Shubham Banerjee
Courtesy Braigo Labs Inc.
"Math sucks," Banerjee, who loves playing football and gets mostly A's and B's at his middle school, tells PEOPLE, laughing. "I just don't like it. My favorite subjects are Spanish and biology."
Banerjee's creation, which he constructed out of Legos for a science-fair project earlier this year, is a low-cost Braille printer that he hopes to one day sell for a fraction of its current $2,000 price tag.
"We've funded young entrepreneurs, but no one this young – certainly not in middle school," a spokesman for Intel Capital says. The venture-capital firm recently announced an investment deal with Banerjee's company, Braigo Labs, that one source estimates is worth several hundred thousand dollars.
In September, Banerjee attended a conference organized by Intel, the computer chip manufacturer that makes the microprocessor the teenager uses in his printer. That's when an executive from the company surprised him with the deal.
"When he heard the news, he turned to me and said, 'What did he just say?' " recalls Banerjee's father, Neil, who describes his son as a "calm, deep thinker who is very passionate about the plight of other people."
The genesis for Banerjee's Braille printer came one morning when he spotted a flyer on the doorstep of the family's home in San Jose, California, asking for donations for the visually impaired.
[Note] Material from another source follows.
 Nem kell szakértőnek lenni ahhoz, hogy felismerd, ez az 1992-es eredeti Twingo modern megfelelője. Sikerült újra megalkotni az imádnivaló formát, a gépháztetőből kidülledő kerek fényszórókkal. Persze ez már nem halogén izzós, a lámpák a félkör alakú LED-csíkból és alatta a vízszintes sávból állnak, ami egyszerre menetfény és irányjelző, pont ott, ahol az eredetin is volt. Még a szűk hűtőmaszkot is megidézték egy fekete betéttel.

An inquisitive kid, he confesses that he'd never met a blind person, but he suddenly found himself wondering how they read.
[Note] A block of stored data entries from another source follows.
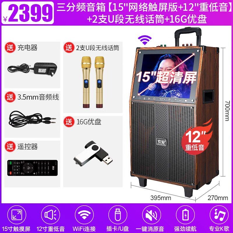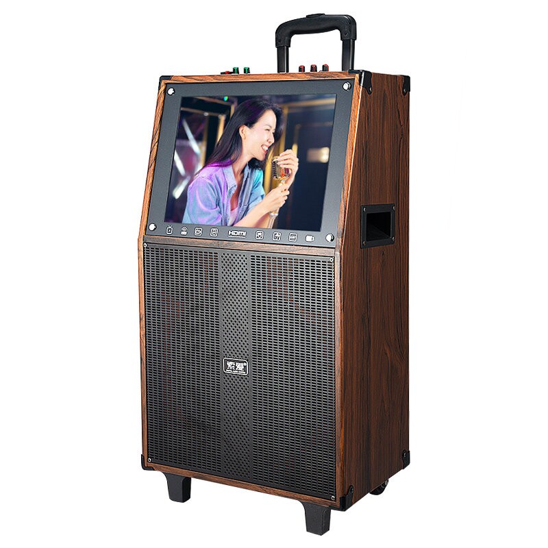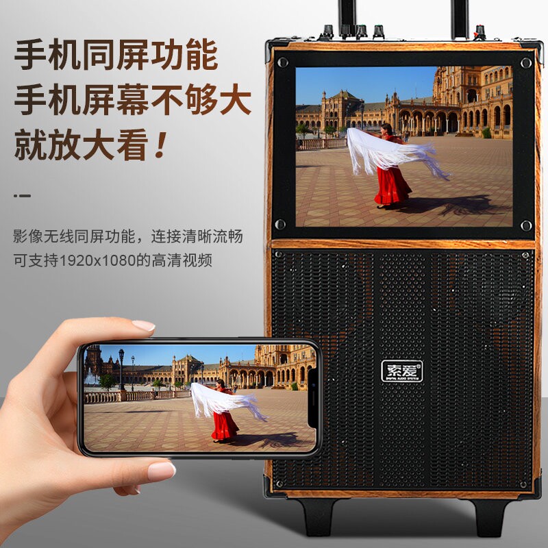 索爱广场舞音响带显示屏幕移动卡机户外便携拉杆视频音箱拉OK一体
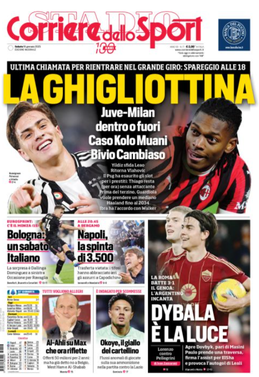 La prima pagina del 'Corriere dello Sport' apre con Juventus-Milan. Ultima chiamata per rientrare nel grande giro: spareggio alle 18. La ghigliottina. Juventus-Milan dentro o fuori. Bologna un sabato italiano. Napoli, la spinta di 3500. Roma, la luce di Dybala. Okoye e il giallo del cartellino. Allegri verso l'Arabia. Ecco la prima pagina del 'Corriere dello Sport'.
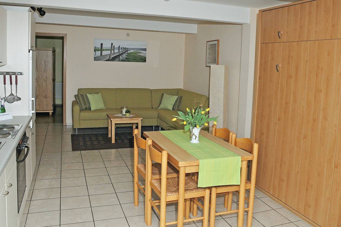 Das komfortable Schrankbett im Wohnzimmer erlaubt bis zu 6 Personen einen schönen Urlaub!

"I asked my parents," he says, "but they were busy and told me to Google it."
After a bit of research, he learned that an enormous percentage of the world's 285 million visually impaired people live in developing countries – and was shocked that the price tag for Braille printers puts the technology out of reach for nearly all of them.
"It just seemed so high, especially for all these people living in developing countries," he said. "I thought, 'I have to bring the cost down.' So I came up with my idea for a printer of my own that I built from Legos."
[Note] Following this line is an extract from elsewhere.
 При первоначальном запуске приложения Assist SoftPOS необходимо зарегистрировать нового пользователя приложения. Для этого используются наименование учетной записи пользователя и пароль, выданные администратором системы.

The young inventor, who works on fine-tuning his most recent prototype model "mostly when I get home from school and on weekends when I have spare time," is adjusting to life as a tech visionary.
"My title at the company is 'founder,' " he says. "I can't be the CEO because I'm not 18 yet."
What's next for the teenage wiz kid? "I just don't know," he says, laughing. "I could have an idea in the shower tomorrow."